November 1, 2018 feature
A new method to express robot incapability
Researchers at Cornell University and the University of California, Berkeley, have developed an a method to automatically generate motions with which robots can express their inability to complete a given task. These generated motions clearly communicate both what task the robot cannot complete and why it is unable to complete it.
"When interacting with robots, it is important for humans to have accurate expectations of robot capabilities," Minae Kwon, one of the researchers who carried out the study, told TechXplore. "One way to set accurate expectations is to understand what robots are incapable of doing and why."

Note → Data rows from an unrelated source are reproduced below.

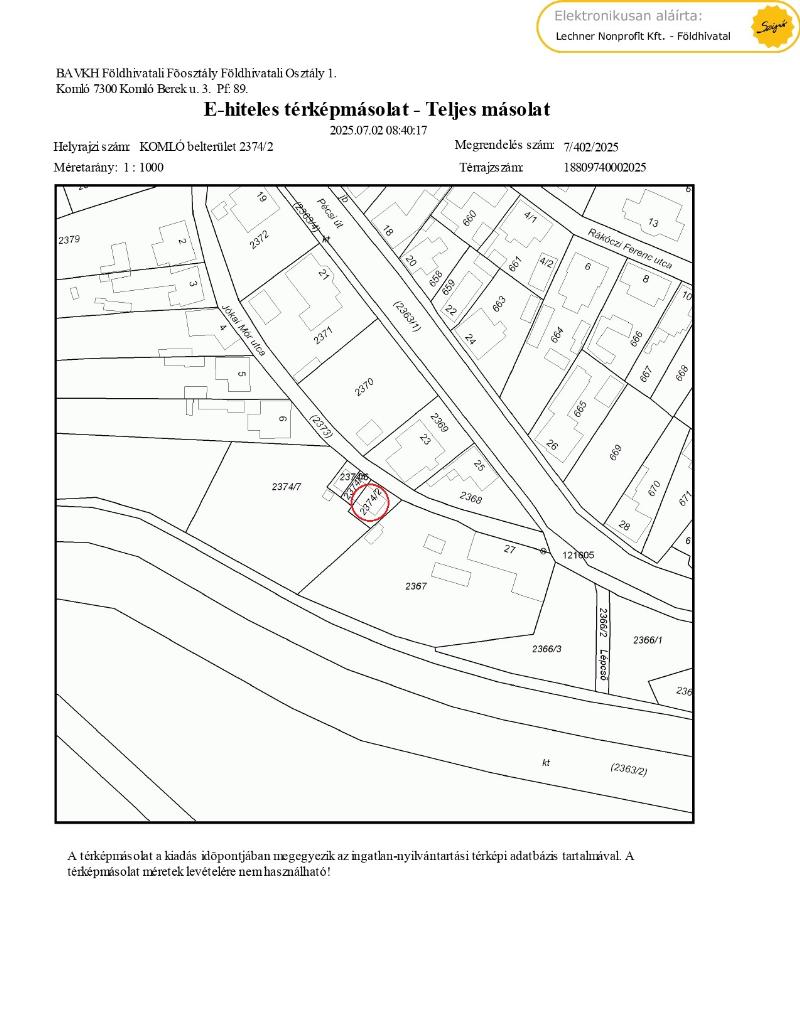 | Helyrajzi szám | 2374/2 |
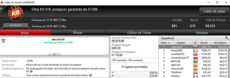 O maior resultado de ontem nesses eventos apareceu com a vitória de NuBaY_ZJ no Super Monday Uppercut €20 que acolheu 1,595 entradas. Este torneio acabou por repartir o prize pool garantido de €30,000, com o português a embolsar €3,453 de prémio, após acordo no 3-handed.
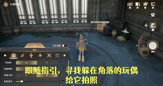 跟随指引,前往行宫内找到熊哆哆,和它对话,把照片交给它;
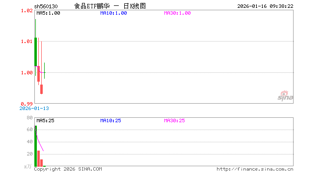 1月16日,食品ETF鹏华(560130)开盘涨0.40%,报1.000元。食品ETF鹏华(560130)重仓股方面,安记食品开盘涨1.04%,一鸣食品跌0.37%。
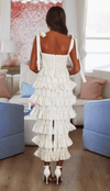 This floral printed bustier midi ruffle dress is perfect. We love the ruffles, built in padded bra and self tie shoulder straps.
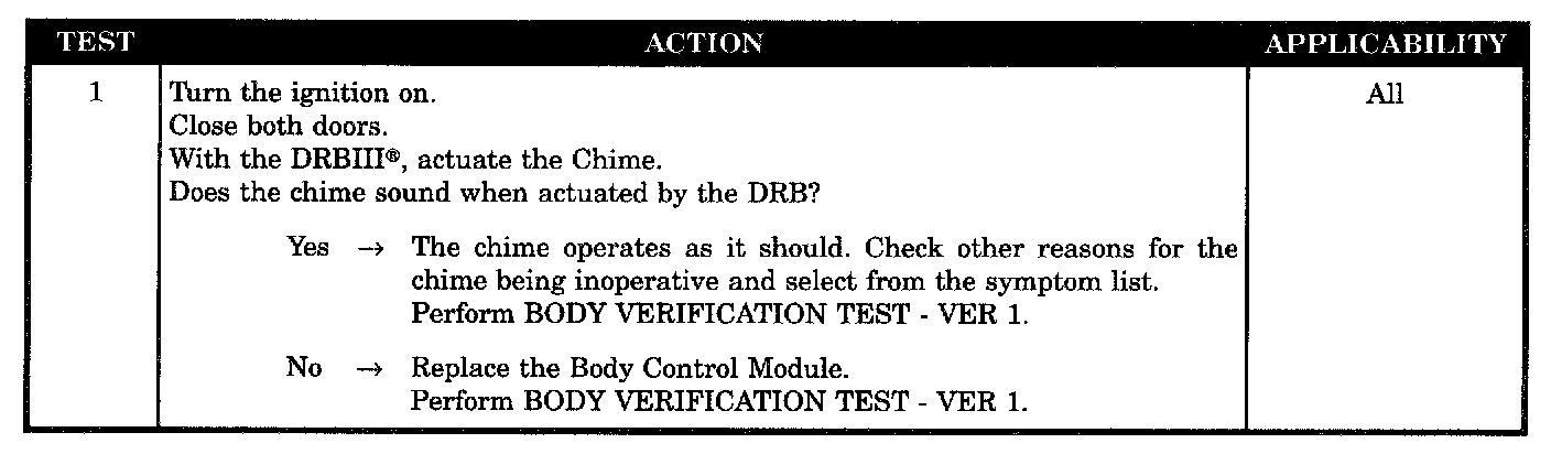 chime inoperative

Currently, most robot failures are extremely uninformative. In other words, when the robot is unable to complete a task, it might stop abruptly in the middle of an action or even refuse to begin the task in the first place. This makes it hard for humans to understand the cause of the robot's failure, as well as to generalize its abilities.
"We wanted to find a way in which robots could more intelligently communicate their incapabilities (i.e., what they are trying to do and why it will fail) even before a failure happens," Kwon said. "Specifically, we focused on incapabilities related to motion planning tasks (e.g. lifting a cup, pushing a door), as we wanted to solve this problem using expressive motion."
Kwon, her colleagues Sandy Huang and their advisor Anca Dragan addressed this problem in the context of trajectory optimization. Their approach minimizes the similarity between the motion expressing incapability and what would allow the robot to successfully execute the task, while also considering the physical limitations of the robot. When the researchers evaluated different similarity measures, they found that one in particular generalized well to a broad range of tasks, producing expressive motions that are tailored to individual tasks.
"We generate an attempt motion, or a motion where the robot tries its best to complete the trajectory it would have followed, which is subject to a constraint," Kwon explained. "Following the desired trajectory illustrates the robot's goal and the constraint illustrates the failure. To communicate the incapability, we consecutively rewind and repeat these attempt motions."
The method employed by the researchers automatically generates motions that express robot incapability, communicating both what it is trying to achieve and the reasons behind its failure. This could ultimately improve communication between end-users and robots, facilitating their collaboration on a broad range of tasks.
"We think it's important that people were not only able to recognize the robot's intended goal and the cause of incapability more clearly compared to other approaches, but that our motions also created a positive image of the robot,' Kwon said. "For instance, people were more willing to help the robot and collaborate with it. We hope that these positive implications for human-robot collaboration will help to improve the way we interact with robots."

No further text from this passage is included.